E corre ancora la fantasia, al tumulo di Osiride che si apre per l'iniziato, con la voce del dio che risuona nel tempio: “Lasciateli avanzare verso di me … lasciate che vedano le mie piaghe!”.[4]

L'umiltà dell'intelligenza però, ora mi consiglia di fermarmi. Anche perché, so che il percorso di ricomposizione della chiave non è solo exoterico. Né le suggestioni vanno confuse con l'esoterismo, così come la cupola di plastica di Piazza San Pietro con la neve di polistirolo, venduta nella bancarella, non deve essere confusa con il mistero del Logos giovanneo!

Un pezzetto di strada però mi sembra di averla fatta.

Ma so che molto devo fare, per comprendere appieno il significato di quelle parole e di quei concetti più grandi di me, appena citati. Iniziando ad unire la chiave oggi spezzata, così da entrare nella corrente della Tradizione, apportandovi la mia pietra levigata che La arricchisce e La tiene viva, nel solco di una comunione in Spirito, che non ha spazio e che unisce gli iniziati di oggi con quelli del passato, proiettandosi nel futuro senza fideismi cristallizzati.

Nella certezza che sarò accompagnato dal lavoro dei miei fratelli, capace di trasformarsi in una presenza attiva, vigilante e positiva per tutti noi: nella prospettiva di un percorso che, pur se singolo e personale, può comunque divenire una luminosa orchestra.

Il risultato è che mi sto accingendo ad un percorso per cambiare qualcosa di me stesso, ancora con le idee un po' confuse. Partendo per le Indie forse finirò nelle Americhe, ma è questo il bello della vita, no?

Un ultimo pensiero mi attraversa la mente: cosa è un uomo illuminato? Un “sanctus”, cioè un uomo che ha sancito un patto con l'Uno? Un anticipatore? Un dissotterratore del passato? Una nuova specie?

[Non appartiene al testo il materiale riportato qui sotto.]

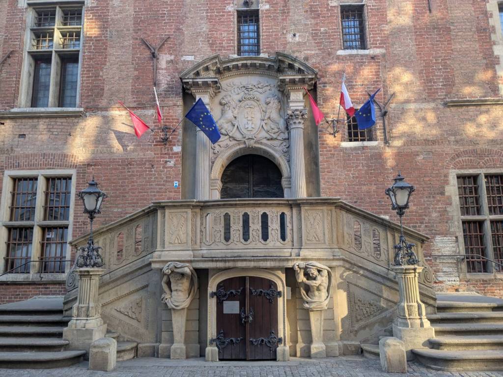 「舊市政廳」的正門,大門的上方是「格但斯克」的城市徽章。
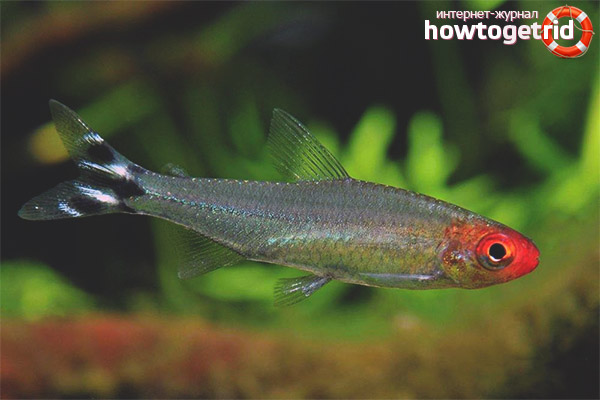 The appearance of these fish makes many people want to get them in their aquarium. The rhodostomus has an elongated graceful body. The length of an adult is about 4.5 cm. They live about 5 years. The most attractive feature of this beautiful fish is the presence of a red spot located on its head. Hence its second name is the red-headed tetra.
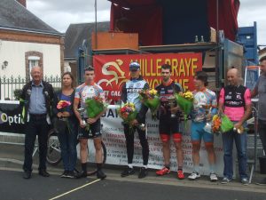 C’est donc à 3km de l’arrivée qu’il décide d’en placer une immédiatement suivi de 2 concurrents , pendant que les autres temporiser l’échappée . Le trou étant fait assez rapidement une rapide entente c’est faite afin de gérer leur avance sur nos anciens compagnons . A 500 mètres de la ligne ils ont commencé à se regarder et le gars de Peltrax porta une attaque pour essayer de les surprendre . Alexis s’attendant à une attaque de sa part gicla dans sa roue jusqu au dernier virage qui se trouve à 150 mètres de l arrivée . Dans ce dernier virage personne ne voulait lancer le sprint  alors Alexis à sauter à l’intérieur  du virage lançant son sprint se toutes ses forces . Ses concurrents ne s attendait pas à ce sprint tout en force et ce qui lui a permis de faire un trou que personne ne pourra boucher en 150 m .
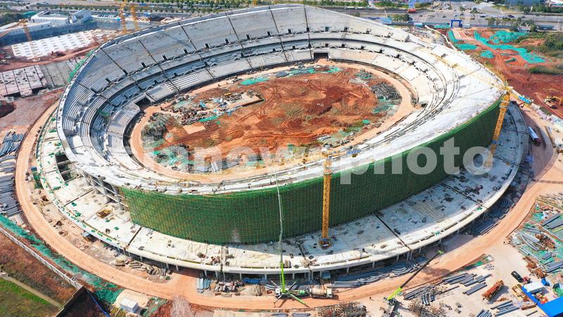 2022年3月2日,江西省赣州市蓉江新区,赣州市全民健身中心项目工地,工人在进行体育场主体结构收尾施工。
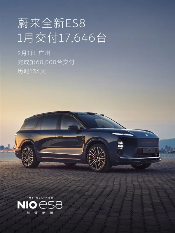 NIO ES8 accounted for 60% of January deliveries; 96.1% growth year-on-year
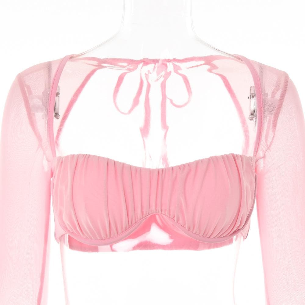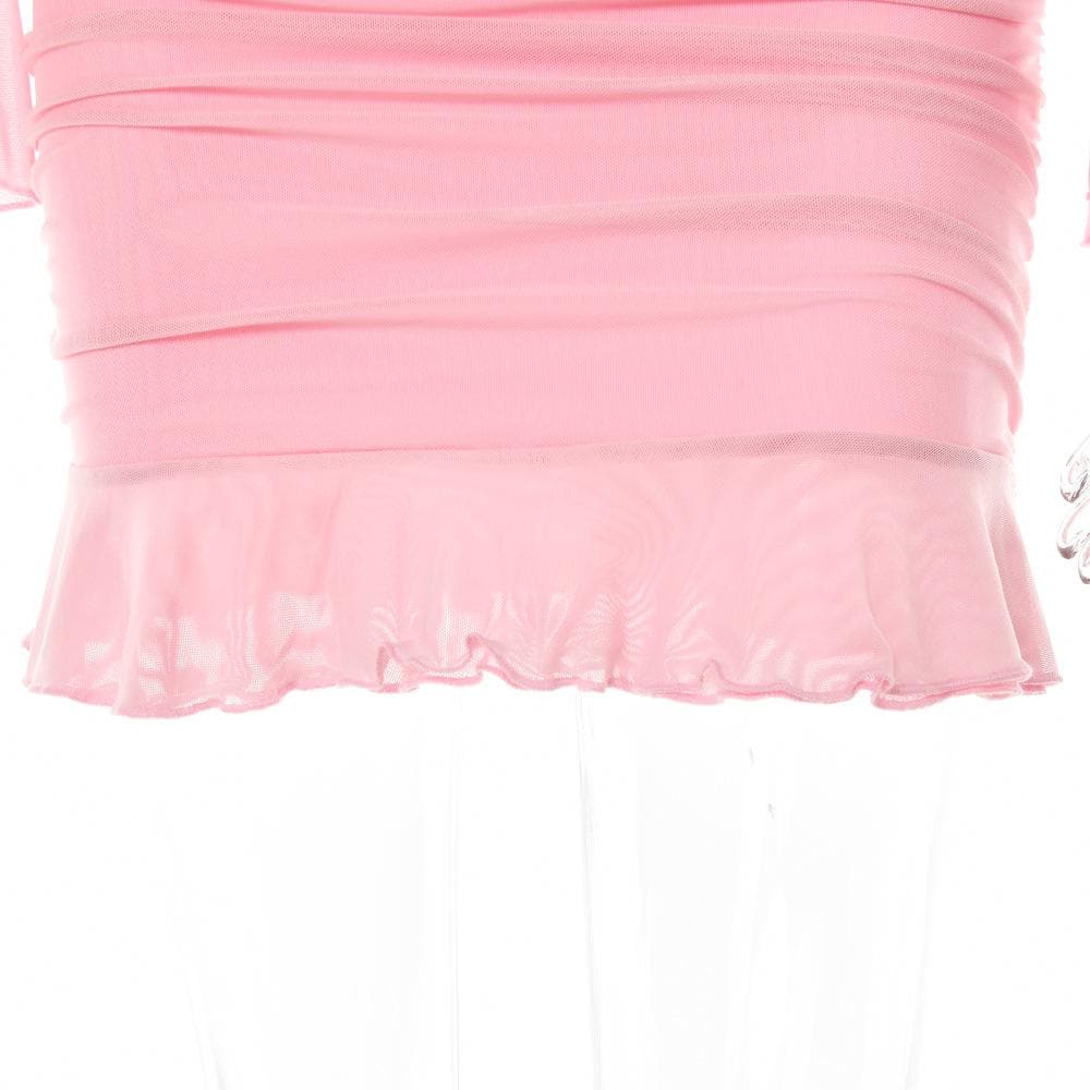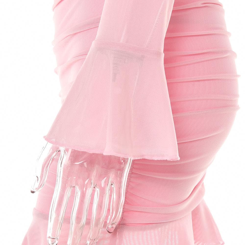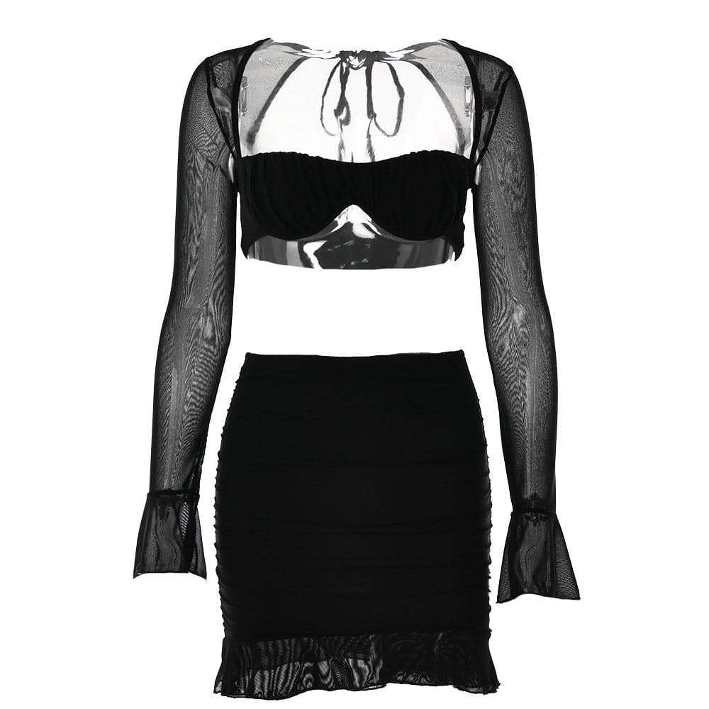 Mesh hollow out solid ruffle long sleeve ruched mini skirt set
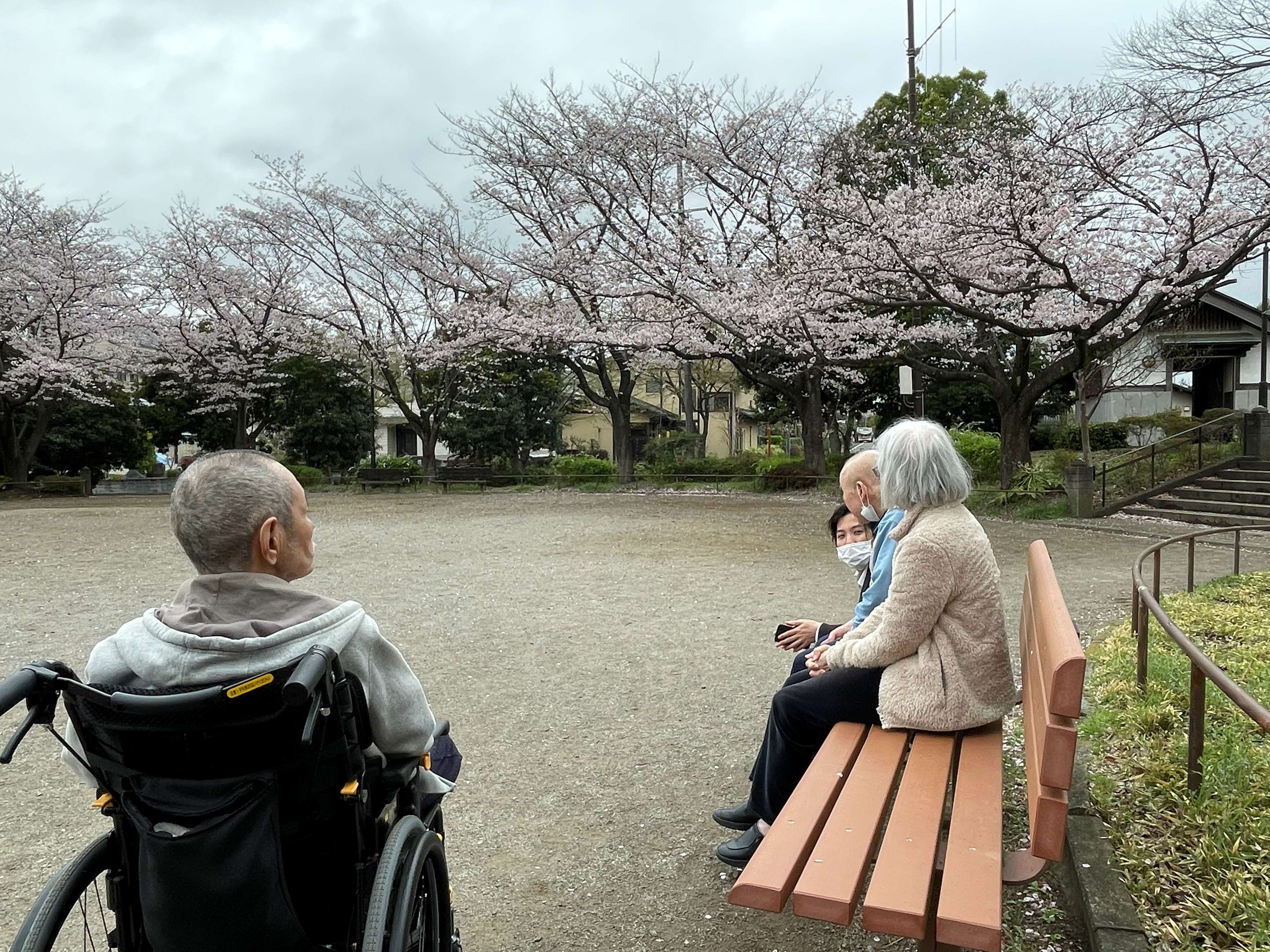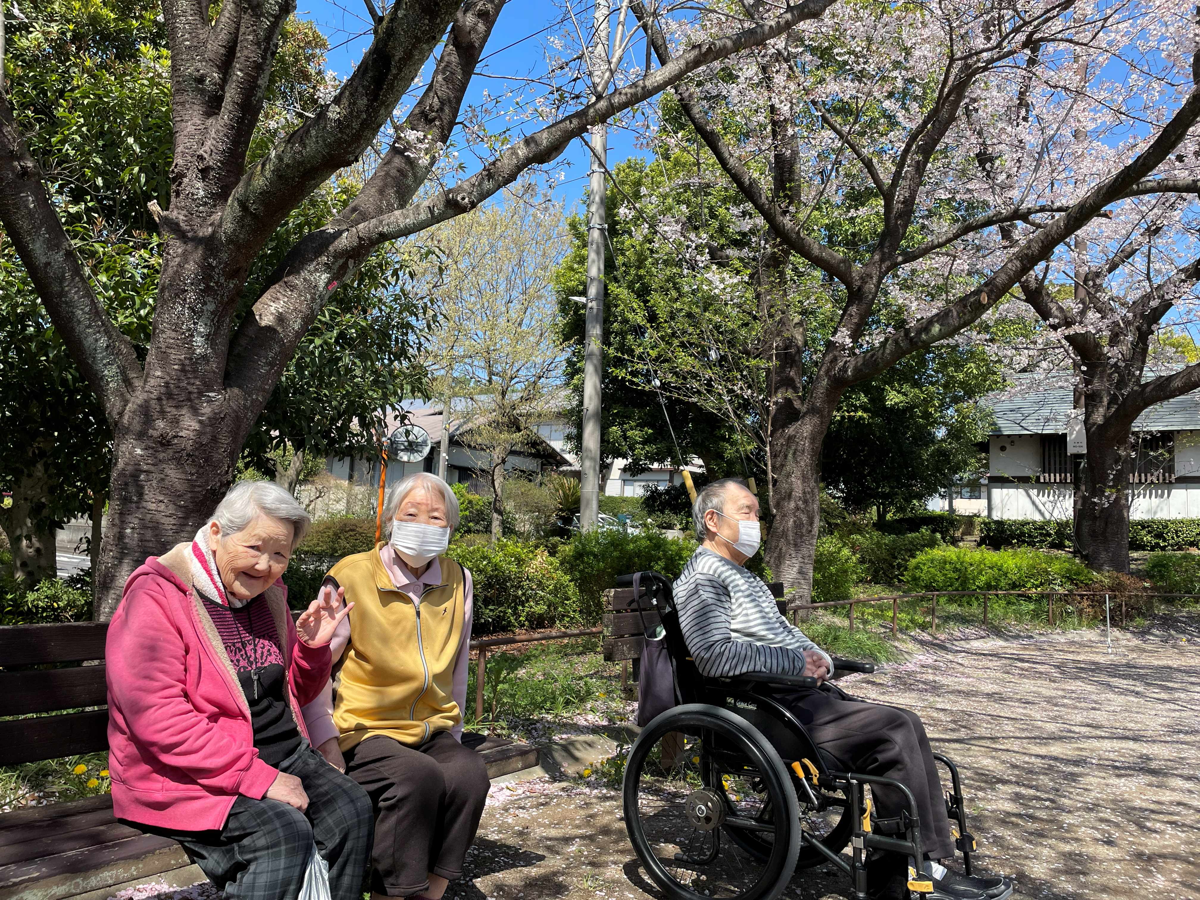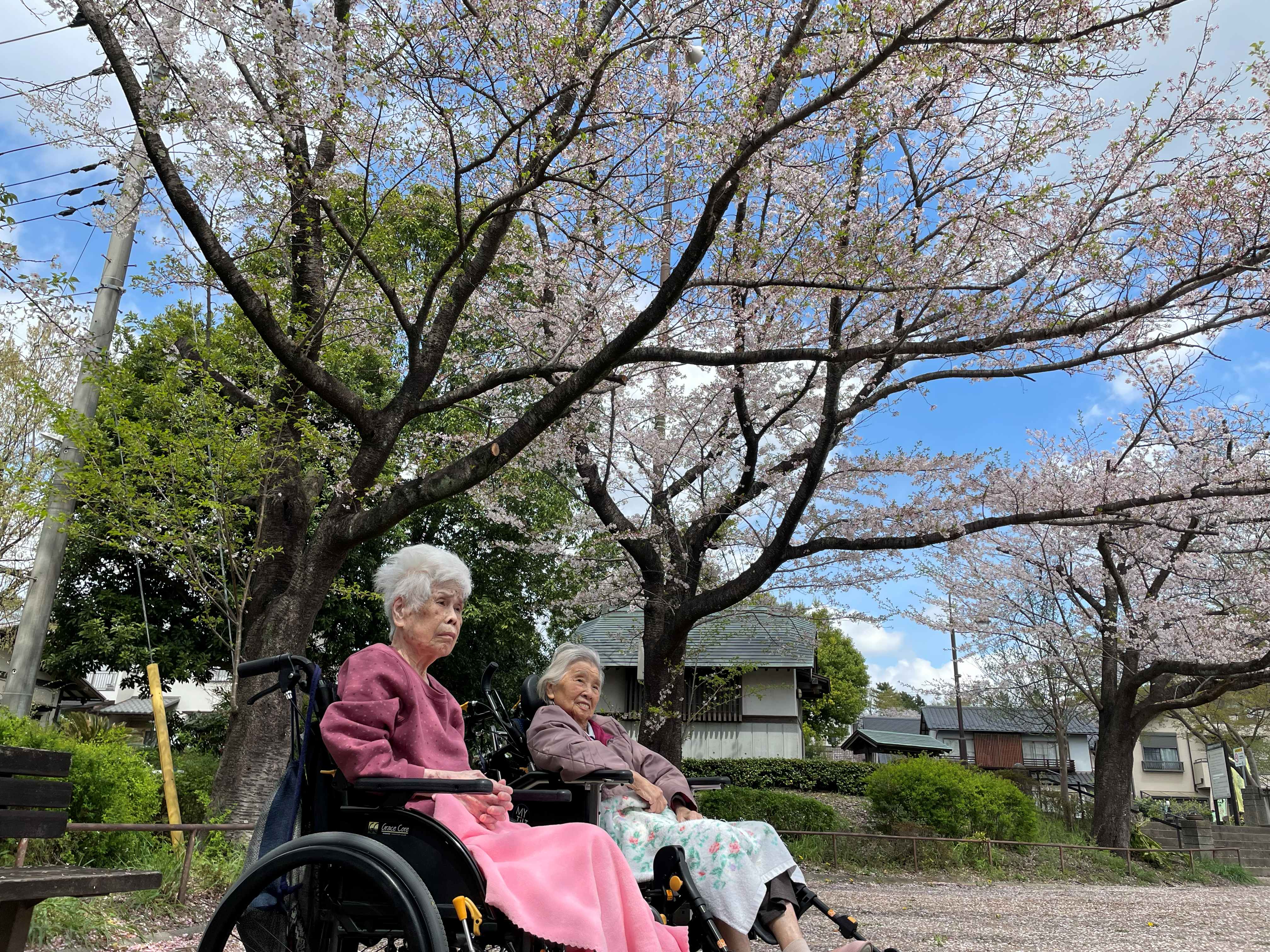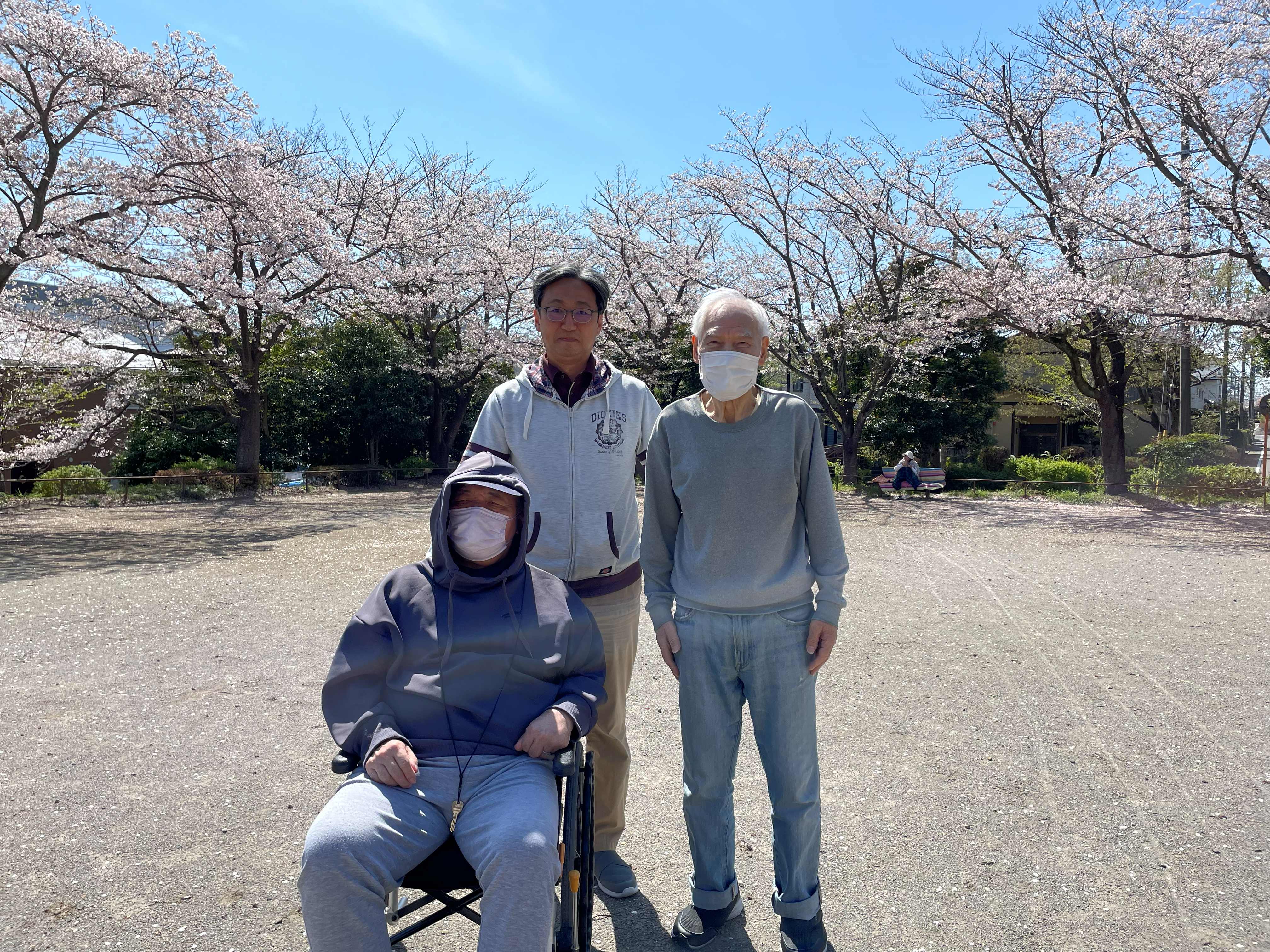 桜満開の中、入居者様とのおしゃべりが弾みました♪

“Sia benedetto Iddio che donò all'uomo un tale potere affinché imitando la natura questi possa commutare le specie naturali, ciò che la Natura lenta realizza con tempi assai lunghi”: così recita uno sconvolgente S. Tommaso, nel suo Trattato sull'alchimia. Saltando ogni altra riflessione, da Darwin agli OGM o all'ingegneria genetica, mi domando se tale potere riguardi anche il “commutare” ( cum – mutare ) noi stessi.

Proprio riunendo la chiave spezzata.